In the case of the Vision, BMW says the car produces 99 grams of carbon per kilometer on its own; plug it in and that number drops to 50 g/km.

To compare, a Toyota Prius has carbon emissions of 89 g/km in the European emission test cycle.


Depending on what you call a hybrid, electro-diesels have already arrived. Audi sells two diesel cars that are equipped with small starter/generators and battery packs to give them stop/start capability (the engine shuts down when the car is put in neutral).

However, Americans think of hybrids as cars with powerful electric motors that can move at low speed on battery power alone. The first such diesel car to come to market will be the Peugeot 3008 HYbrid4. Arriving in spring 2011, this mid-size sport-utility vehicle is expected to get about 62 mpg and produce 99 g/km of carbon.

A HYbrid4 version of the company’s RCZ sports coupe is all but certain.

For years European automakers, who are the acknowledged masters of turbo-diesel technology, have quietly stewed as Asian companies reaped the green-image benefits of hybrid technology.


On a cost and emissions basis, German automakers argued, turbo-diesel engines are more efficient. One reason is that diesel fuel itself has a higher energy content than gasoline.

Still, hybrids offer some advantages. They recover kinetic energy as they brake or coast and use it to charge the batteries. They also save fuel by shutting down the internal-combustion engine when the vehicle comes to a stop. And they can move on electric power alone at low speeds, where internal combustion engines are less efficient.

So why not combine the best of both technologies?

Cost, mostly.


“Normal turbo-diesels are already so powerful and efficient [on the order of 30% more efficient than gasoline engines] that it was a challenge to improve on that and very expensive,” said Volker Mornhinweg, the head of Mercedes-Benz’s high-performance AMG division.

Then there’s the inherent incompatibility of diesels and electric power sources. Both produce torque at low revolutions per minute. Gasoline engines, in contrast, product most of their torque at higher speeds. So in a gasoline hybrid, the engine torque ramps up just as the electric motor torque is falling off. That creates a seamless yin and yang, a complementary blending of mechanical forces that’s missing in the diesel-electric union.

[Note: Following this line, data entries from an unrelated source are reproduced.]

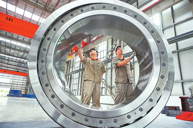 7月9日,全球最大22米辗环机全系列轴承在洛阳正式下线。 潘炳郁 余柯 摄
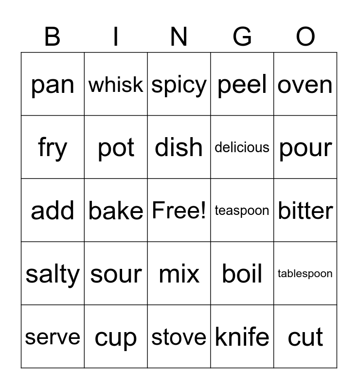 This bingo card has a free space and 28 words: bowl, cup, dish, knife, oven, pan, pot, stove, teaspoon, tablespoon, add, bake, boil, cut, fry, grill, mix, peel, pour, serve, whisk, sprinkle, delicious, bitter, salty, sour, spicy and sweet.
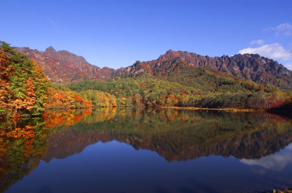 長野県長野市戸隠にある「鏡池(かがみいけ)」は、その名の通り、戸隠連峰の雄大な山々を鏡のように映し出す静寂の池です。春の新緑、夏の涼風、秋の紅葉、冬の雪景色と、四季を通じて異なる表情を見せてくれます。なかでも紅葉シーズン … 続きを読む 【長野県・紅葉2025】戸隠連峰を映す絶景!静寂の水面に紅葉が輝く「戸隠鏡池」@長野市
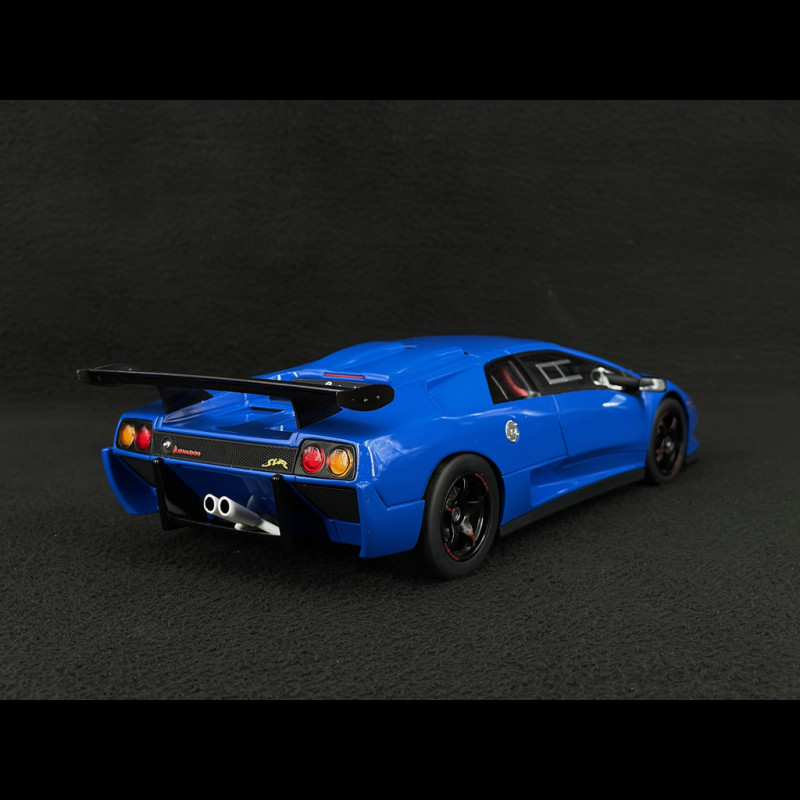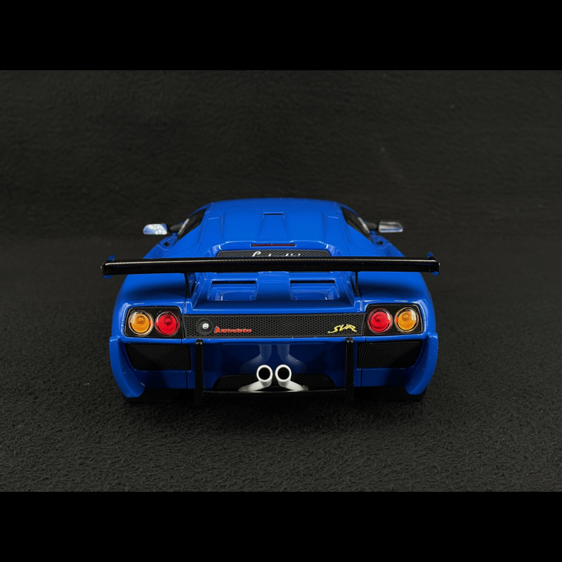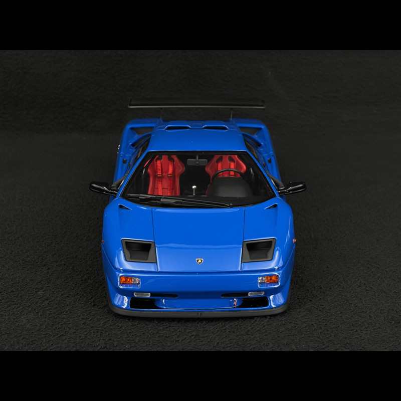 This 1/18 scale blue Lamborghini Diablo SVR by Kyosho replicates the racing version with its aggressive body kit, enormous rear wing, competition wheels, and Diablo Trophy-specific markings, all in a blue livery that strongly accentuates the car's taut lines. Made of resin with a very high level of detail (air intakes, racing interior, roll cage, bucket seat, harness, and visible mechanical components), this miniature is ideal for a display case focused on 90s GT cars, extreme V12 supercars, and iconic one-make trophy cars.

But thanks to some advances in the field, including software necessary to smoothly integrate diesel and electric power, the hybrid diesel equation has become more promising. It’s still difficult. And expensive. But the eye-popping gas mileage of this marriage is what keeps the Europeans pushing.

“It’s better in terms of total fuel efficiency to make a diesel hybrid,” said Christophe Chateau, technology spokesman for French automaking giant Peugeot.

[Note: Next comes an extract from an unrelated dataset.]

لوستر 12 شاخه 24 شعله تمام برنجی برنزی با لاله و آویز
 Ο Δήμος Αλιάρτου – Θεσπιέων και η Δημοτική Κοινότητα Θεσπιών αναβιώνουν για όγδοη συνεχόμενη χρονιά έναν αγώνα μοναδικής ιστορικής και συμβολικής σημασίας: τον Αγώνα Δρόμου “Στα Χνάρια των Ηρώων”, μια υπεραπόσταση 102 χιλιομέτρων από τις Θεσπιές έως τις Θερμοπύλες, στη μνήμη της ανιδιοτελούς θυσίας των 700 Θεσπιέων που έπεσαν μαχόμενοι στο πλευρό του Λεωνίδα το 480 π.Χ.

It can also be better marketing. Chateau pointed out that because Peugeot’s hybrid system situates electric motors on the rear axle (like some Lexus gas hybrids) the cars are in effect all-wheel drive. Buyers who might not pay the extra price for an electro-diesel might be willing to pay a premium for AWD.

“We will get much more sales for this big amount,” Chateau said.

Peugeot and other manufacturers see battery-electric powertrains as the most likely technology for small urban cars of the future. Because of the cost factor, electro-turbo-diesel will probably remain an up-market option. “We will not find this combination in too low-cost cars,” BMW’s Koehn said.

But there’s an unknown out there: the increasing cost to rein in diesel emissions. In Europe, diesel cars command about 60% of the market; however, Europe has less-strict rules regarding diesel emissions of particulates and nitrous oxides.


“If the [European Union] moves to the emissions standards of the U.S.,” said Koehn, “diesel will become more expensive and the relative cost-benefit of hybrid and diesels will change.”

As Europe and the U.S. get closer in emissions regulations, the cost to homologate (legally certify) cars for both markets will drop. So one day, the hybrid that blows your doors off might itself have transparent doors.